#### Supplied information:
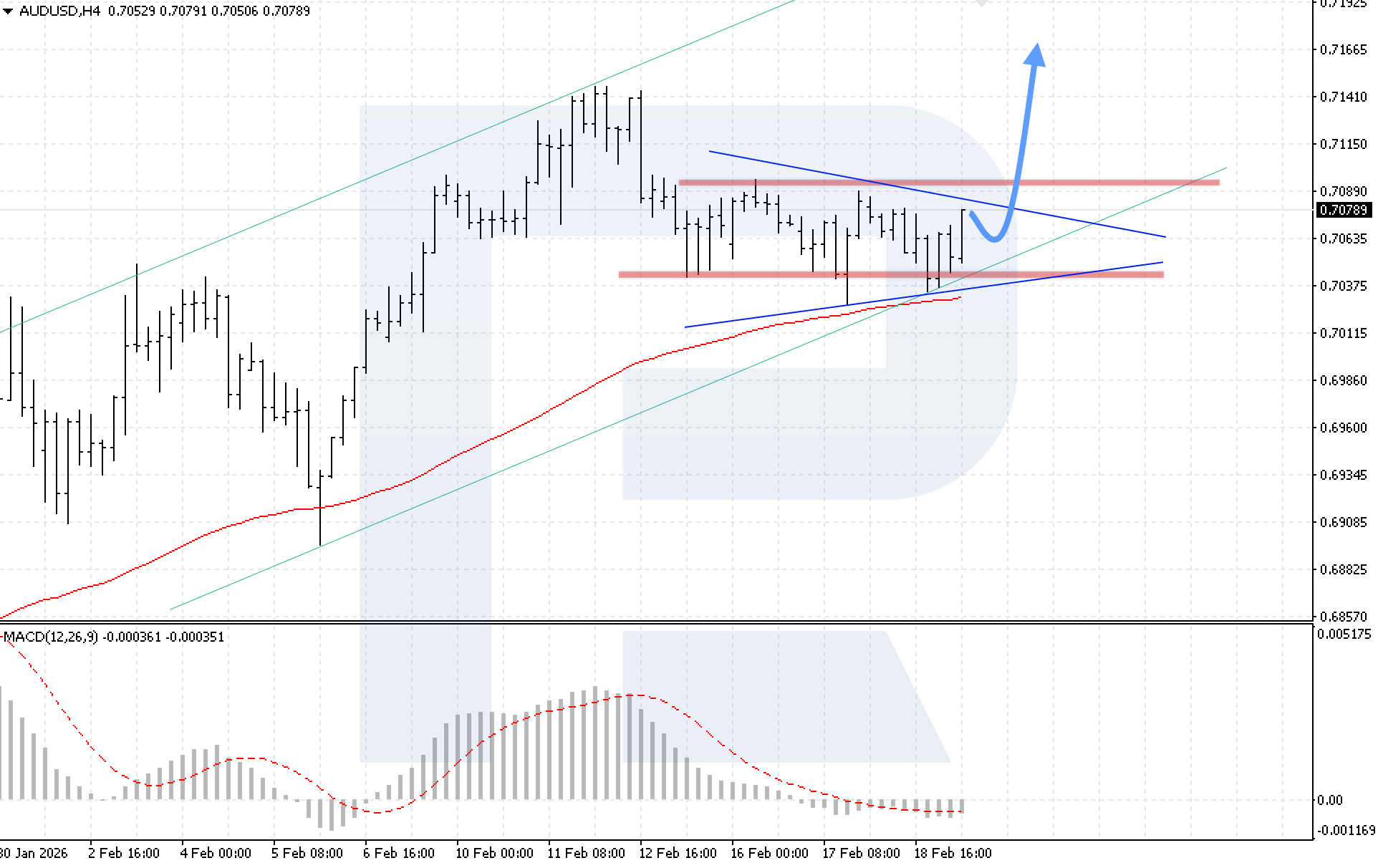 บนกราฟ H4 ของคู่สกุลเงิน AUDUSD ตลาดยังคงก่อตัวคลื่นปรับฐานภายในรูปแบบ Triangle วันนี้ 19 กุมภาพันธ์ 2026 สถานการณ์หลักพิจารณาการปรับตัวขึ้นหลังจากดีดตัวจากขอบล่างของรูปแบบ โดยมีเป้าหมายที่ 0.7175
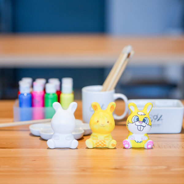 陶器の素地に絵の具や色鉛筆、マーカーなどで絵付けする、お子様から大人まで気軽に楽しめるコースです。
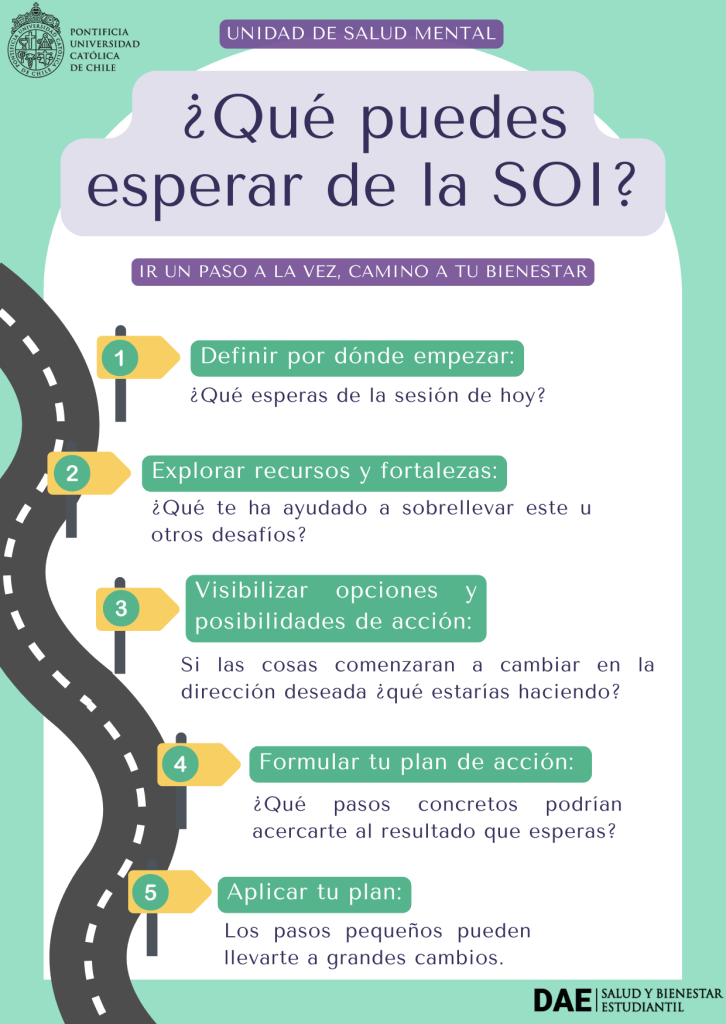 El Servicio de Orientación Inmediata (SOI) es un espacio terapéutico breve, de una sesión, pensado para acompañarte en momentos en que necesites orientación psicológica. En este encuentro podrás conversar con un/a psicólogo/a sobre una inquietud o preocupación específica, y juntos/as elaborarán un plan de acción con pasos concretos que contribuyan a tu bienestar.
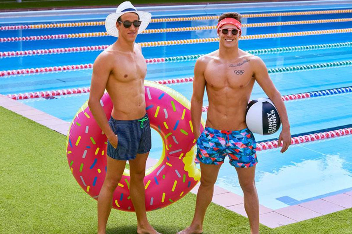 Short and stylish fitted watershort made of quick drying polyester. Features a built in brief for added support, deep side pockets, coin pocket and drawcord to fasten. Now with Funky Trunks branded brass hardware including metal tips, eyelets and rivets. Printed options also have Funky Trunks patch on leg. Available in sizes XS – XXL. 90% Polyester 10% Elastane.
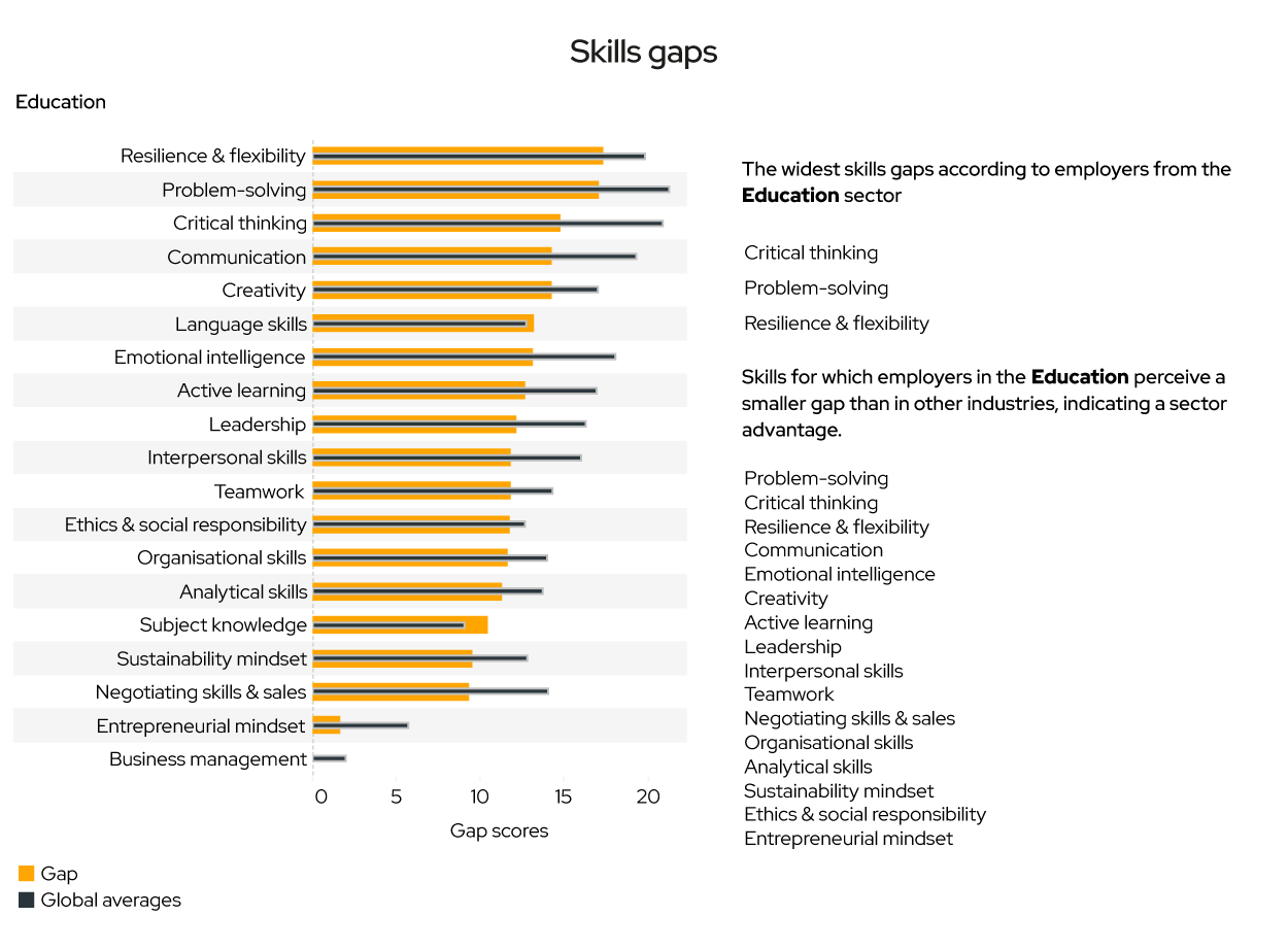 Employers also highlight gaps in resilience, flexibility, and adaptability, particularly in fast-moving sectors such as consulting, finance, government, education, manufacturing, and media. Modern work is defined by change, ambiguity, and continuous feedback, yet many employers feel graduates are underprepared for these conditions. In the education sector itself, resilience and flexibility appear among the widest reported gaps.

#### What to do:
Each entry above should be copied word for word, with the images omitted.

#### Reply to the task:
 บนกราฟ H4 ของคู่สกุลเงิน AUDUSD ตลาดยังคงก่อตัวคลื่นปรับฐานภายในรูปแบบ Triangle วันนี้ 19 กุมภาพันธ์ 2026 สถานการณ์หลักพิจารณาการปรับตัวขึ้นหลังจากดีดตัวจากขอบล่างของรูปแบบ โดยมีเป้าหมายที่ 0.7175
 陶器の素地に絵の具や色鉛筆、マーカーなどで絵付けする、お子様から大人まで気軽に楽しめるコースです。
 El Servicio de Orientación Inmediata (SOI) es un espacio terapéutico breve, de una sesión, pensado para acompañarte en momentos en que necesites orientación psicológica. En este encuentro podrás conversar con un/a psicólogo/a sobre una inquietud o preocupación específica, y juntos/as elaborarán un plan de acción con pasos concretos que contribuyan a tu bienestar.
 Short and stylish fitted watershort made of quick drying polyester. Features a built in brief for added support, deep side pockets, coin pocket and drawcord to fasten. Now with Funky Trunks branded brass hardware including metal tips, eyelets and rivets. Printed options also have Funky Trunks patch on leg. Available in sizes XS – XXL. 90% Polyester 10% Elastane.
 Employers also highlight gaps in resilience, flexibility, and adaptability, particularly in fast-moving sectors such as consulting, finance, government, education, manufacturing, and media. Modern work is defined by change, ambiguity, and continuous feedback, yet many employers feel graduates are underprepared for these conditions. In the education sector itself, resilience and flexibility appear among the widest reported gaps.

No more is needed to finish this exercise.